:: EXERCISE PROMPT ::
After finding the line that holds "В Москве 1 марта" below, set down that line and the rest through the final one exactly, leaving the pictures out.

Collected data
⁂

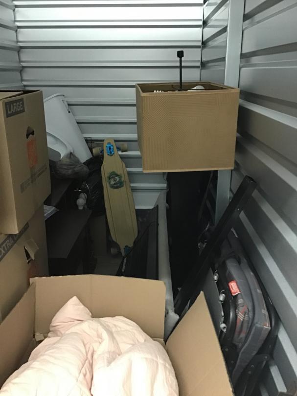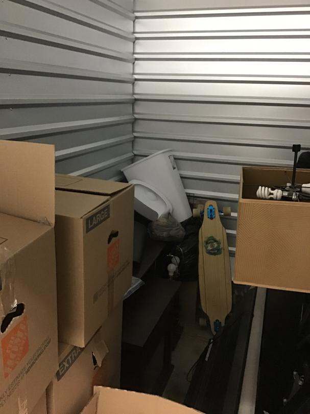 This unit appears to contain…5x10x8 Interior 1st Floor Street Level Climate, unit appears to have boxes, longboard, lamp, coffee table and other miscellaneous items
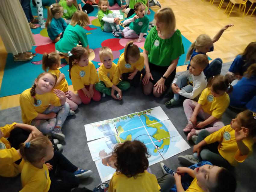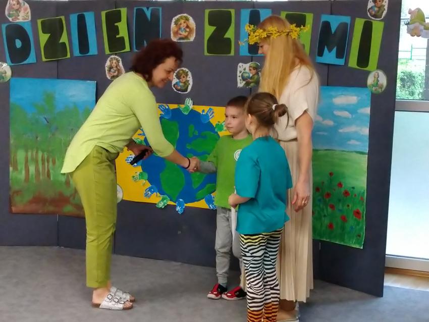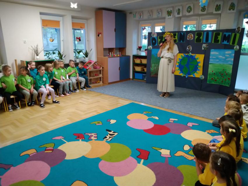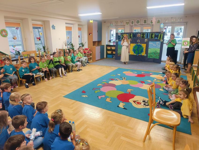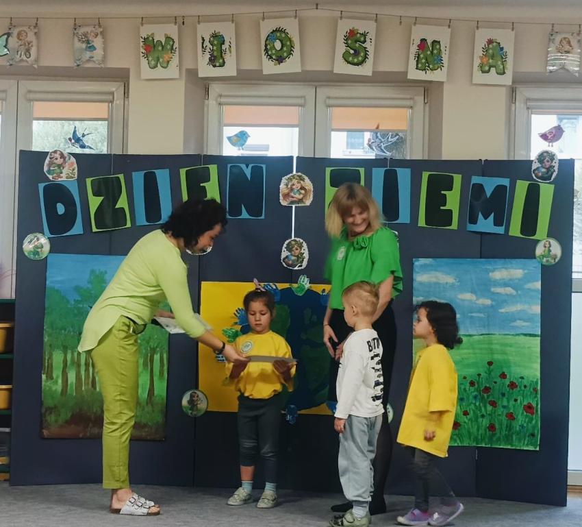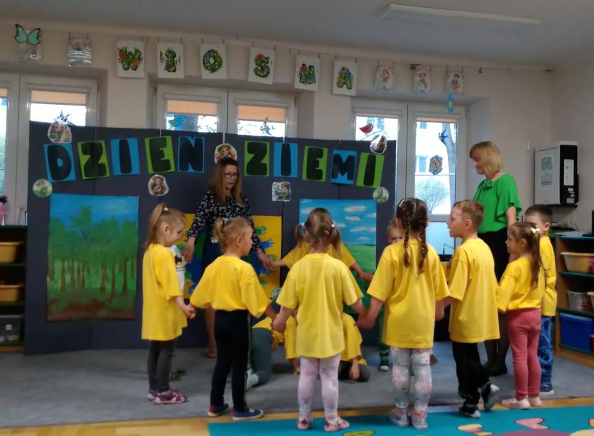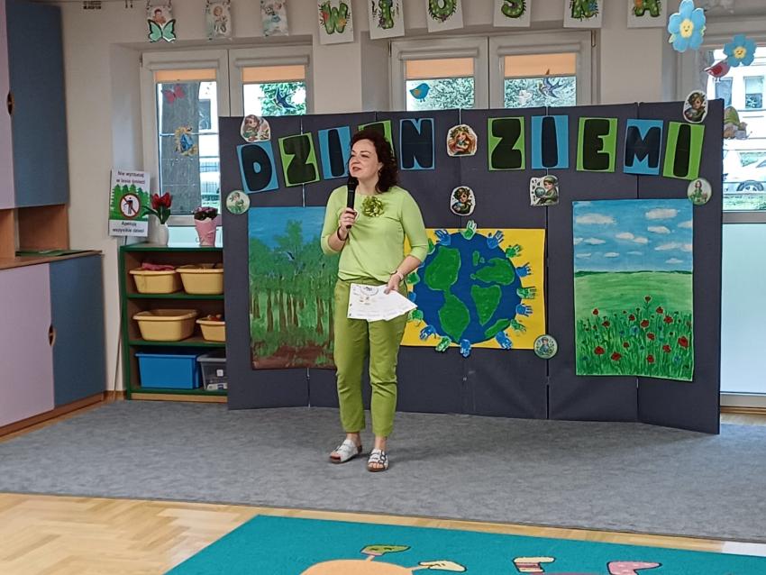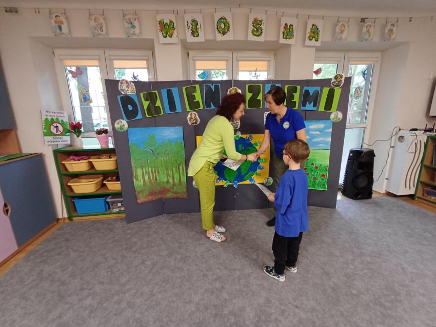 Dzień Ziemi w naszym przedszkolu wpisał się na stałe w repertuar ?Kalendarza Imprez? przedszkola ale także stał się coroczną akcją, której celem jest promocja ekologii. Przedszkolaki dowiedziały się, jak dbać o środowisko i otaczającą nas przyrodę. Dzieci miały okazję usłyszeć o tym, że Ziemia jest jedyną zamieszkaną planetą i jednocześnie naszym domem, więc musimy o nią dbać jak najlepiej potrafimy np. poprzez segregację śmieci a także ich recykling. Oczywiście nie zabrakło pięknych występów o tematyce ekologicznej oraz złożenie uroczystego ŚLUBOWANIA, gdzie dzieci deklarowały iż będą prawdziwymi strażnikami przyrody. Zwieńczeniem zdobytych wiadomości było wykonanie zadań ekologicznych przygotowanych dla każdej grupy. Wszystkim dzieciom GRATULUJEMY za perfekcyjne wykonanie zadań.
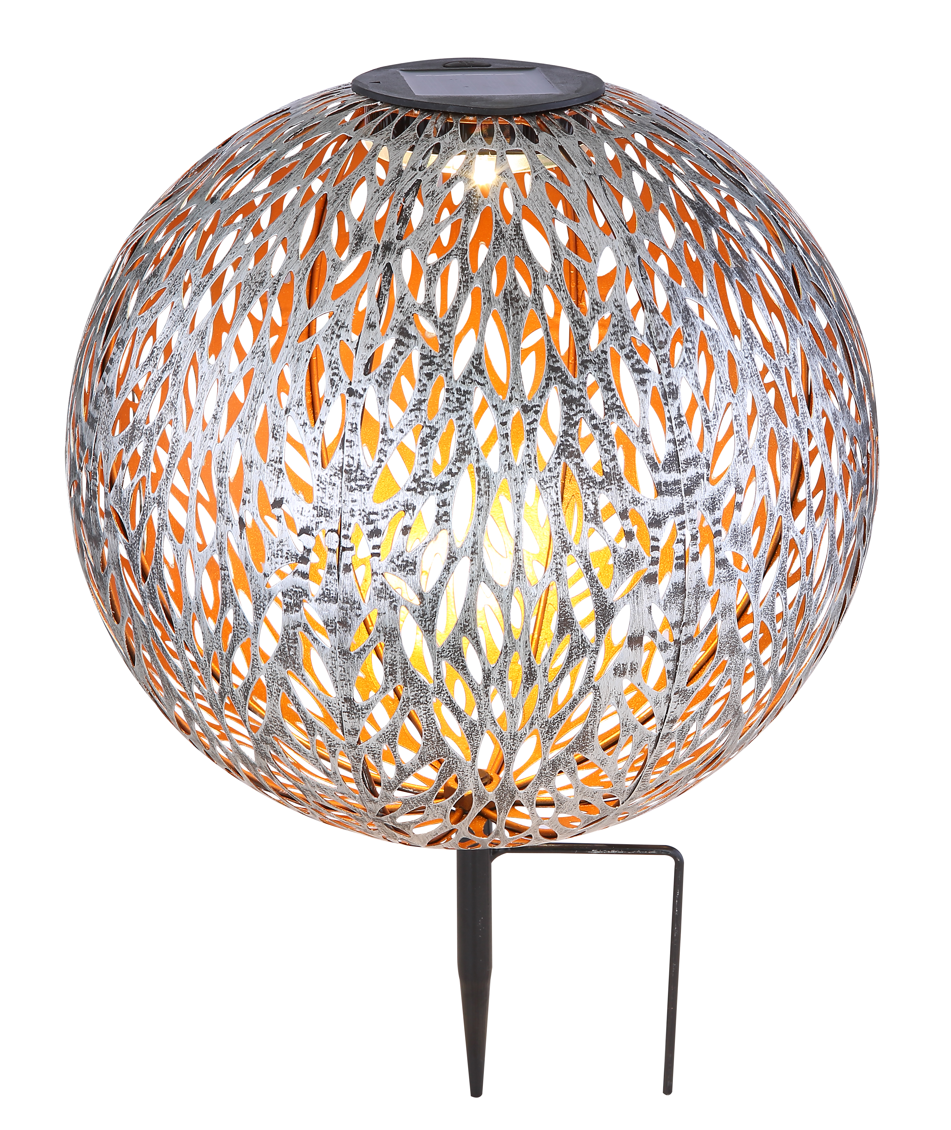 Si tratta di una lampada solare dall'aspetto rustico. La lampadina è circondata da una sfera di metallo stampato in grigio argento ed è una splendida aggiunta a qualsiasi casa. Grazie alla batteria integrata, il giardino o il balcone sono illuminati fino a 8 ore da questa lampada a LED per spiedini a energia solare e senza la fastidiosa posa di cavi. Inoltre, la lampada è resistente agli spruzzi d'acqua grazie al grado di protezione IP44 ed è quindi meravigliosamente adatta per l'uso all'aperto.
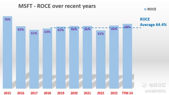好消息是,微软从根本上享有轻资本和高度可扩展的商业模式。因此,预计它将保持高资本回报率(ROCE)与其新的资本支出。下面的图表提供了历史背景。图表显示了过去十年中微软的ROCE。
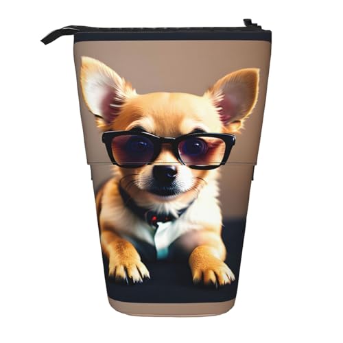 YHBLYKXP Trousse à crayons rétractable verticale avec lunettes de chien Chihuahua, sac de rangement, convient pour le bureau et le transport quotidien
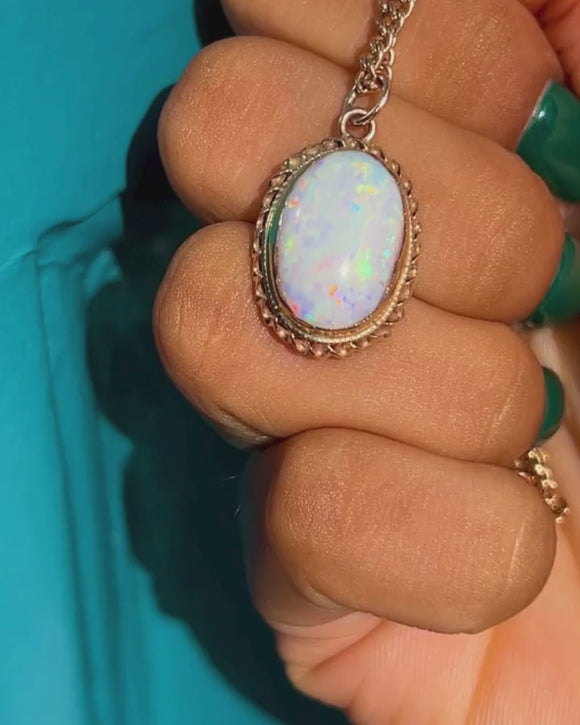 This vintage 9ct Gold Opal pendant is truly eye-catching! The 5.00ct Opal has a heavenly opaque body revealing a firework display of colours when light hits the gemstone's curvaceous body.
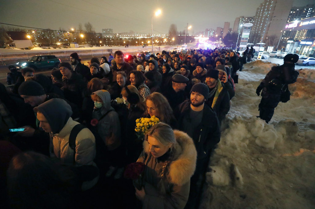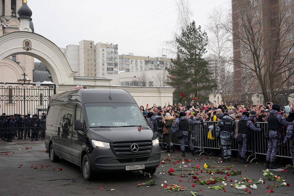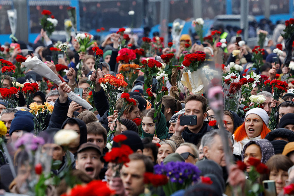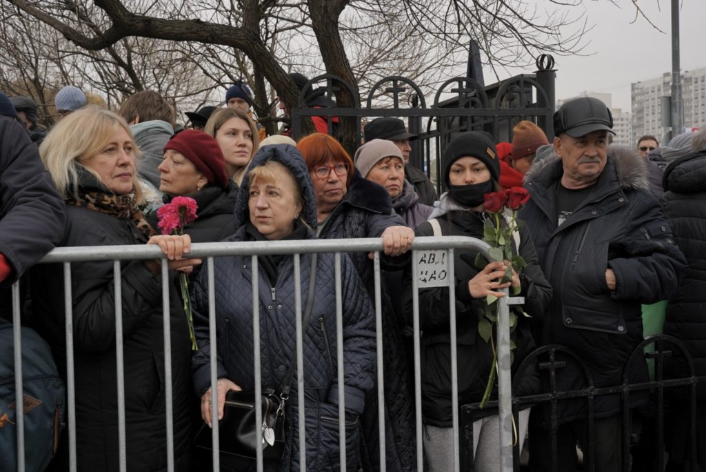В Москве 1 марта простились с Алексеем Навальным. Его похоронили на Борисовском кладбище на Юге города. Попрощаться с погибшим в колонии политиком пришли тысячи россиян. Процессия от храма, где отпевали Навального, до кладбища растянулась на полтора километра. Как это было — в фоторепортаже «Холода».
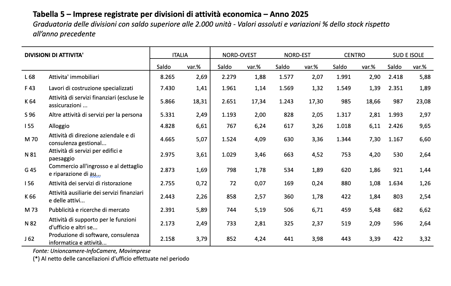 Scendendo nel dettaglio delle singole divisioni economiche, l’analisi evidenzia una gerarchia della crescita molto netta. Il contributo più rilevante in termini assoluti viene dalle Attività immobiliari, che chiudono l’anno con un saldo di 8.265 imprese in più (+2,69%) e dai Lavori di costruzione specializzati (+7.430 unità, pari ad una crescita dell’1,41%).

⁂

:: COMPLETED TASK ::
В Москве 1 марта простились с Алексеем Навальным. Его похоронили на Борисовском кладбище на Юге города. Попрощаться с погибшим в колонии политиком пришли тысячи россиян. Процессия от храма, где отпевали Навального, до кладбища растянулась на полтора километра. Как это было — в фоторепортаже «Холода».
 Scendendo nel dettaglio delle singole divisioni economiche, l’analisi evidenzia una gerarchia della crescita molto netta. Il contributo più rilevante in termini assoluti viene dalle Attività immobiliari, che chiudono l’anno con un saldo di 8.265 imprese in più (+2,69%) e dai Lavori di costruzione specializzati (+7.430 unità, pari ad una crescita dell’1,41%).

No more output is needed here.